*** Data to use ***

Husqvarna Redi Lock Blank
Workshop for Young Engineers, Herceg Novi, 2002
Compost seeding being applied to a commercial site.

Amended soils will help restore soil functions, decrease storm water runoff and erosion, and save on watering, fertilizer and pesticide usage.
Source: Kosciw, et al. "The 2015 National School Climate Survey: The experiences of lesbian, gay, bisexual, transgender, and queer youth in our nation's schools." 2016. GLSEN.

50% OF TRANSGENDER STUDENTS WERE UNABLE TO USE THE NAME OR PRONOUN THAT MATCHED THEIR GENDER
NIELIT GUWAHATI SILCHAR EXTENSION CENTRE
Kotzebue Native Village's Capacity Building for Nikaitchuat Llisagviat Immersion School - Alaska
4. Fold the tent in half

*** End of Data to use ***
*** Data to use ***

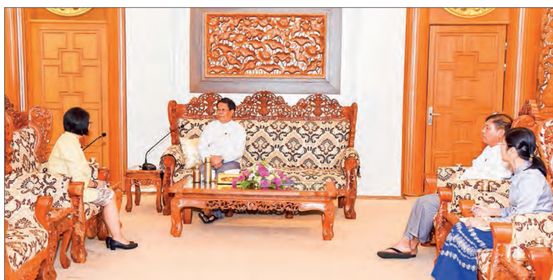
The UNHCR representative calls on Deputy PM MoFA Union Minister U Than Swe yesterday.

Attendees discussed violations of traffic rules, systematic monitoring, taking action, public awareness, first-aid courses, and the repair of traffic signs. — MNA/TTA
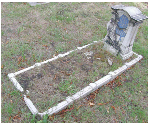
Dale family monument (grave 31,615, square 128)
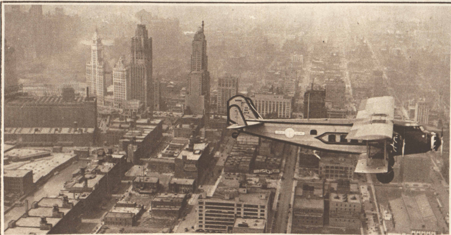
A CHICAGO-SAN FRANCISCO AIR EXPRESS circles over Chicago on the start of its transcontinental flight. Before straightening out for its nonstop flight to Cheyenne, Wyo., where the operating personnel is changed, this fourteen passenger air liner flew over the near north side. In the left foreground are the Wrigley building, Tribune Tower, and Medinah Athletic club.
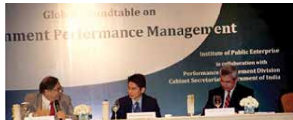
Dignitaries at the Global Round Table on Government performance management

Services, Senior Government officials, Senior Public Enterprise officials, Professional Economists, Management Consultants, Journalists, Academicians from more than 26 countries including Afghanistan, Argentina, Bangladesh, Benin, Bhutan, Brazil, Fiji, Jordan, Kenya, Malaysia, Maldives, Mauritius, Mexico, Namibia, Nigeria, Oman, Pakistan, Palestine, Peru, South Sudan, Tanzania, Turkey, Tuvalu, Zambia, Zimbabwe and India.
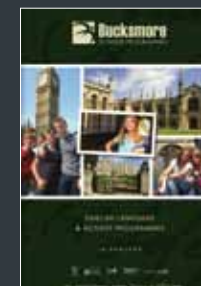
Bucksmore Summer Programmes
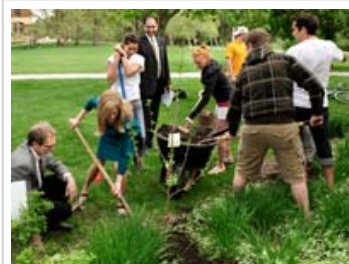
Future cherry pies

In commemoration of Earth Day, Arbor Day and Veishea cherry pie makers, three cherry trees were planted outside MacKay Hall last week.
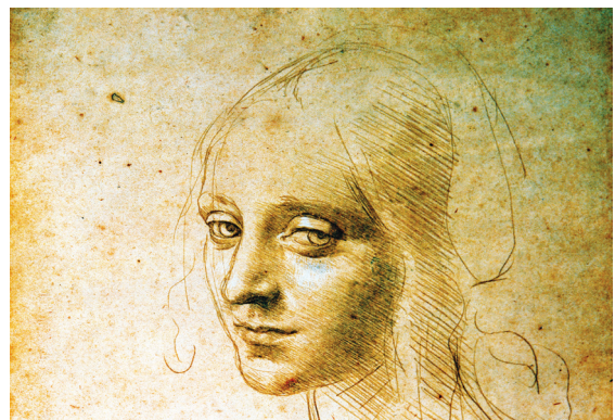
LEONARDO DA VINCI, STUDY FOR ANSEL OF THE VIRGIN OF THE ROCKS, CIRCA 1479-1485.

*** End of Data to use ***
*** Data to use ***

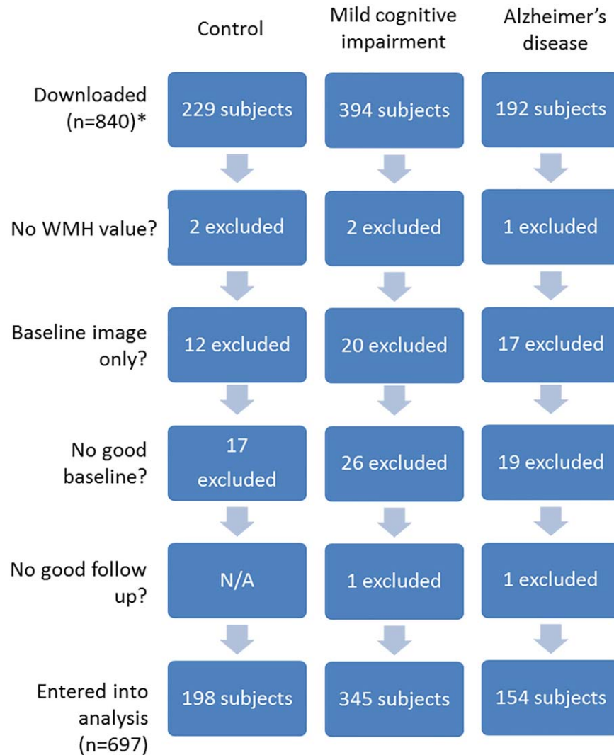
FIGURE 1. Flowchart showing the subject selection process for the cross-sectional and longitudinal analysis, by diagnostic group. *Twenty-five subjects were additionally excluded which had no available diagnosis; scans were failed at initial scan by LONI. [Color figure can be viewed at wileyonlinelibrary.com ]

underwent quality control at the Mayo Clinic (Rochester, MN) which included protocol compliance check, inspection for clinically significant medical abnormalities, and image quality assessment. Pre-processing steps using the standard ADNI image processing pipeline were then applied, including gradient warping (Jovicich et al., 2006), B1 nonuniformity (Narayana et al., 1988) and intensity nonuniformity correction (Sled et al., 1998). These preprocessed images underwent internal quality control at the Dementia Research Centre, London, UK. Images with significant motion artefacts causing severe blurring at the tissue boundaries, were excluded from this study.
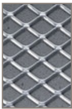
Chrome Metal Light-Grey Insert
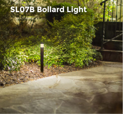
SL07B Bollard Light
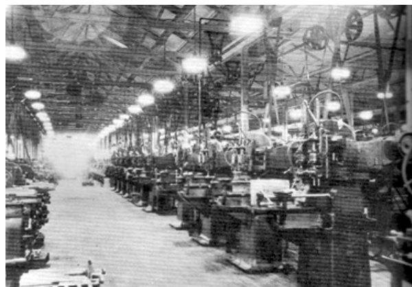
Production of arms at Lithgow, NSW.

*** End of Data to use ***

Give back exactly the lines above from the one with "Services, Senior Government" through the one with "Future cherry pies", both included. Pictures don't belong in the copy.

Services, Senior Government officials, Senior Public Enterprise officials, Professional Economists, Management Consultants, Journalists, Academicians from more than 26 countries including Afghanistan, Argentina, Bangladesh, Benin, Bhutan, Brazil, Fiji, Jordan, Kenya, Malaysia, Maldives, Mauritius, Mexico, Namibia, Nigeria, Oman, Pakistan, Palestine, Peru, South Sudan, Tanzania, Turkey, Tuvalu, Zambia, Zimbabwe and India.
Bucksmore Summer Programmes
Future cherry pies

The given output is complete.